仲手川:いちばん変わったのは自分たちだと思います。方向性を再確認することができましたね。それぞれのヴィジョンをそろそろまとめようという話はしていて、それをどうにか提示したかった。このミニアルバムを出すことで、何をやりたいのか、どう見られたいのかということの意思は統一できたと思います。

――ドラムのメンバーチェンジも影響はある?

仲手川:それはやりたいことをやるためなのかな。このメンバーになってからも、いきなり今のような状態ではなくて、試行錯誤していたんです。でもこのミニアルバムをきっかけに、納得できる曲が生まれてきた。でも、ミニアルバムは5曲なので、ライヴでは曲数も足りないし、前の作品も混ぜて、そういった曲たちも、どれだけ新しい方向性に染めていくかというのが今回のツアーで見えましたね。

――セットリストも会場によって変えていたとか?

仲手川:雰囲気を大切にしたいんです。そのライヴハウスが持つ雰囲気と、そこで演奏する自分たちのイメージを大事にしています。どこでも同じように見えるのではなくて、自分たちのイメージに会場ごとの雰囲気を加味していきたいんです。

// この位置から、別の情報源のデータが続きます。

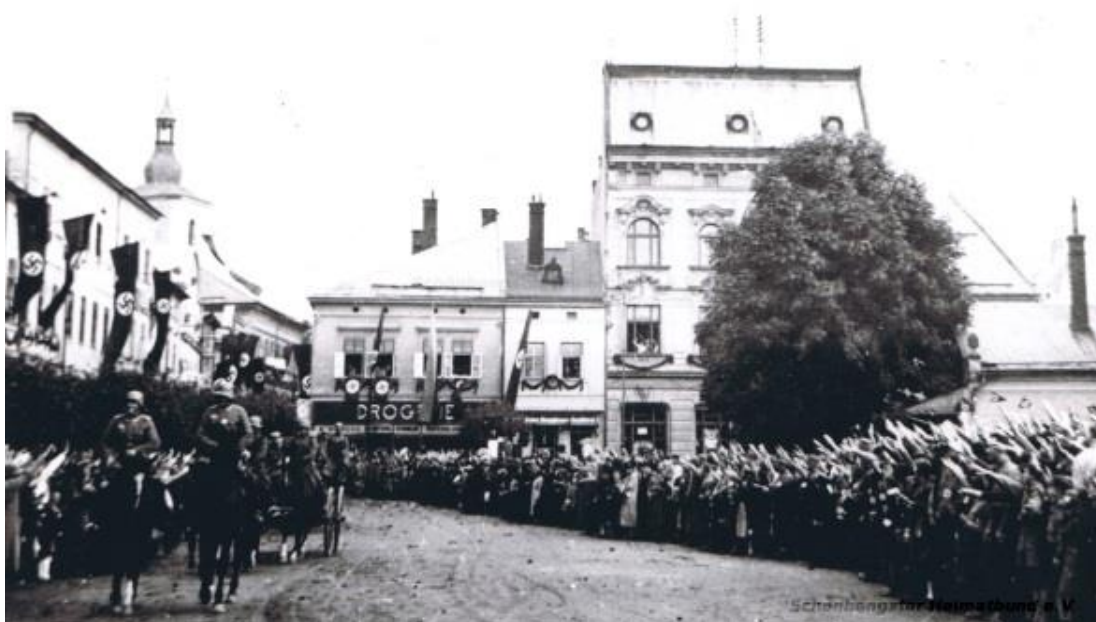
Obrázek 1: Osvobození Lanškrouna Wehrmachtem 10. 10. 1938 185
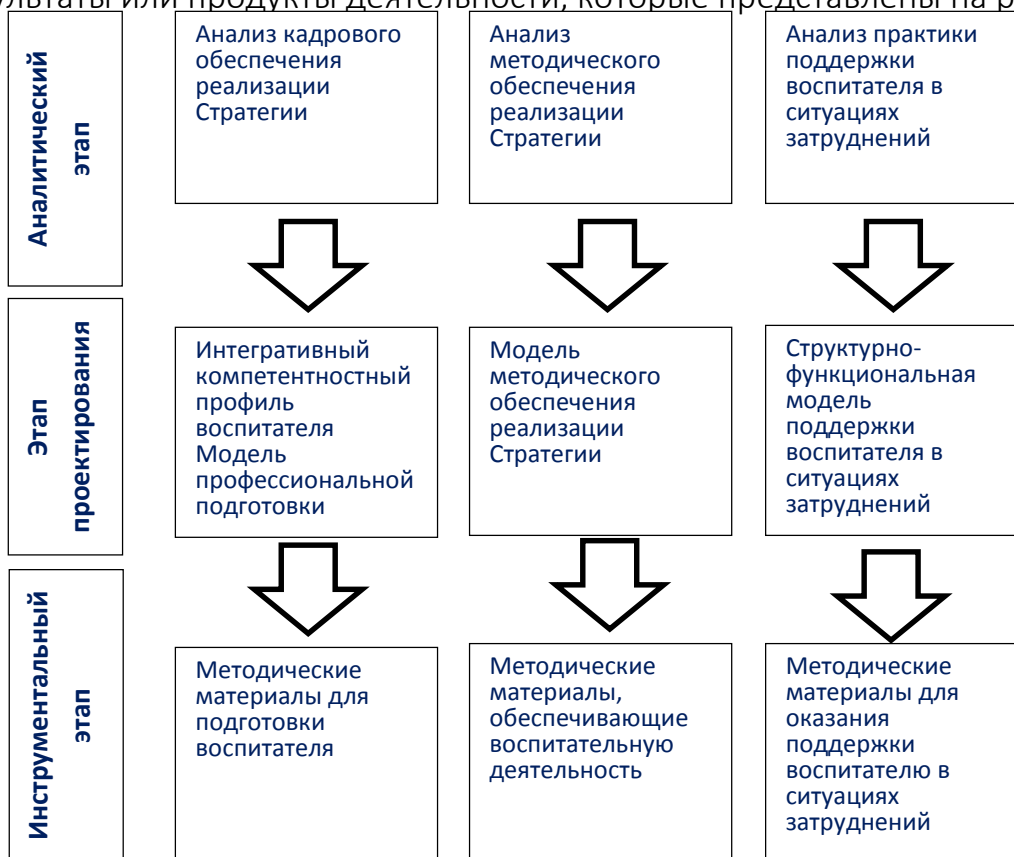
Рис. 3. Результаты (продукты) педагогического сопровождения реализации Стратегии развития воспитания до 2025 года

Результаты реализации выделенных этапов педагогического сопровождения по трем содержательным направлениям позволят получить результаты или продукты деятельности, которые представлены на рисунке 3.
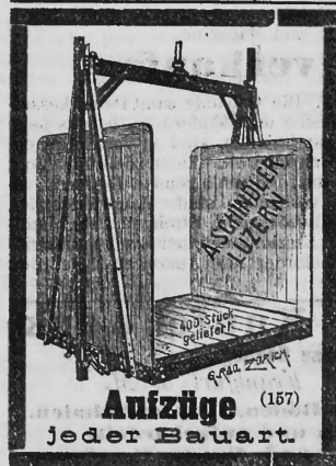
Aufzüge (157) jeder Bauart.

――会場ごとにセットリストが違うっていう点では、みんなが好きなロック・レジェンドたちもそんな感じでしたよね? だからこそブート(違法な海賊版)が重宝されたり……。そういう部分が自然に出ているのかなって思ったんですけど。

仲手川:でも、そうしないとライヴもうまくいかないですよね。スイッチをポンッと入れられるようなメンバーじゃないので、気持ちを合わせて盛り上げていかないと。

――今後は、どんなバンドになっていきたいですか?

山下:リスナーに迎合することなく、スピリット的なものは変えずにやっていきたいですね。さらに、自分たちの見せたい部分を尖らせていきたいなって思っています。